= Taihei Genpō =

Early Japanese currency

Taihei Genpō (大平元宝) is an early form of Japanese silver currency which is recorded in the Shoku Nihongi of the Nara period. Historical documents confirm that this coinage was established in the 4th year of Tenpyō-hōji, along with copper Mannen Tsuho and gold Kaiki Shoho coins. While their history is confirmed, no actual genuine coins have ever been found.

==Overview==
The Imperial edict for Taihei Genpō coins appears in the Shoku Nihongi where it is entered for March 16 in the 4th year of Tenpyo Hoji (760) during the reign of Emperor Junnin. This edict stipulates that 10 silver Taihei Genpo coins were to be used for 1 gold Kaiki Shoho coin. 1 silver Taihei Genpo coin could also be exchanged for 10 Mannen Tsuho (new copper coins). The right to issue these coins was given to Fujiwara no Nakamaro (Emi no Oshikatsu), who had been appointed Daijō-daijin the previous year. As with Mannen Tsuho and Kaiki Shoho coins, Taihei Genpō are presumed to have been round with square-holes.

==Existence==
Although there are no reported cases of anyone finding a genuine Taihei Genpo coin, claims of a find do exist. During the Taisho period in 1928, two coins which were declared to be Taihei Genpo were discovered in a "treasure room" at Toshodaiji Temple. However, this is open for interpretation as only rubbings remain of the actual coins which have since gone missing. The rubbings themselves are written differently when it comes to the word "Taihei" (太平元寳) as opposed to "Taihei" (大平元寳). On the other hand, "Taihei" is an auspicious word that means peace throughout the world. It's said at the time that there was a wish for Emperor Junnin's reign to be peaceful.

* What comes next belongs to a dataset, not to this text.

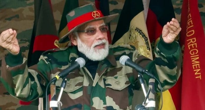 फौजी वर्दी में असैनिक नेताओं की जैसी छवि फबती है वैसी किसी दूसरी पोशाक में शायद ही फबती है. 2017 में डोकलाम में भारत-चीन टक्कर के बाद से प्रधानमंत्री नरेंद्र मोदी हर दीवाली पर फौजी वर्दी पहनते रहे हैं. इस साल दीवाली में भी उन्होंने जम्मू के रजौरी में नियंत्रण रेखा के करीब तैनात फ़ौजियों के साथ कुछ समय बिताया. उन्होंने छद्मावरण वाला फौजी जैकेट और लाल फीते वाला हैट पहन रखा था, जो कर्नल और उससे ऊपर के सेना अधिकारी पहनते हैं. उन्होंने हैट से लिपटे लाल फीते के बीच में भारतीय सेना का सजावटी प्रतीक चिह्न भी लगा रखा था. किसी रैंक का बैज नहीं लगाया था.
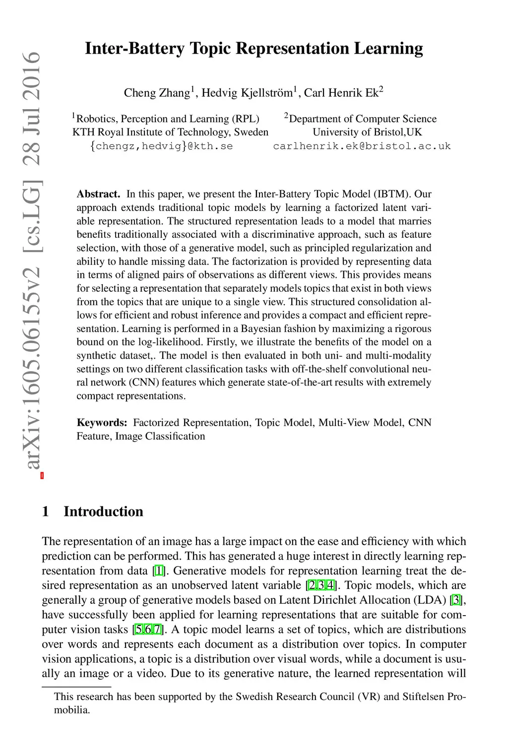 In this paper, we present the Inter-Battery Topic Model (IBTM). Our approach extends traditional topic models by learning a factorized latent variable representation. The structured representation leads to a model that marries benefits traditionally associated with a discriminative approach, such as feature selection, with those of a generative model, such as principled regularization and ability to handle missing data. The factorization is provided by representing data in terms of aligned pairs of observations as different views. This provides means for selecting a representation that separately models topics that exist in both views from the topics that are unique to a single view. This structured consolidation allows for efficient and robust inference and provides a compact and efficient representation. Learning is performed in a Bayesian fashion by maximizing a rigorous bound on the log-likelihood. Firstly, we illustrate the benefits of the model on a synthetic dataset,. The model is then evaluated in both uni- and multi-modality settings on two different classification tasks with off-the-shelf convolutional neural network (CNN) features which generate state-of-the-art results with extremely compact representations.

Other claims since the Taisho-era find involve a photo from a 2004 document of a Taihei Genpō coin that was allegedly found in 1735 (the photo was taken long after the find). This story is said to have involved a mounter from Osaka who removed a scroll to repair a large Buddhist painting entrusted to him by a noble family. When two small silver coins dropped out, he presented them to the head of the family who praised him for his honesty and was given one as a gift. The coin weighed 1.48 momme (5.55 grams), about half the weight of the gold Kaiki Shoho coin. When the photo of the coin was examined by the Kurokawa Institute of Ancient Cultures, it was found that the style of the written characters meant that it couldn't have been made in the 8th century.

==Assessment==
Given a lack of physical evidence, it's assumed that Taihei Genpō coins were not in general circulation at the time. One possible explanation involves the "very favorable" exchange rate where 1 newly issued silver coin (Taihei Genpo) was worth 10 new copper coins (Mannen Tsuho). In this theory, silver Taihei Genpō and gold Kaiki Shoho coins were merely show money to set a high value for imperial copper coins. An effort was made to draw attention away from the fact that 10 Wadōkaichin (older copper coins) could be exchanged for 1 new Mannen Tsuho coin. If this exchange rate was actually carried out as ordered, then there would have been a rush of people wanting to exchange Mannen Tsuho for Taihei Genho. This in turn would have quickly depleted the government's supply of silver Taihei Genho coins which would have disrupted the circulation of Mannen Tsuho. Since the value of Taihei Genpō was also equal to 100 Wadokaichin coins, it was inevitable that privately minted coins would appear. As a result the government didn't want to put Taihei Genho coins into circulation as it would have caused confusion in the monetary economy.

Japanese legal historian Mitsuo Tokumitsu has suggested that the coins could have also been destroyed when Emperor Junnin was dethroned. Those who agree with this theory include director Satoru Yoshizawa of the Collection Department at the Nara National Museum. Yoshizawa suggests that the coins were retrieved and recast into a pair of silver vases which are now at Shōsōin (treasure house).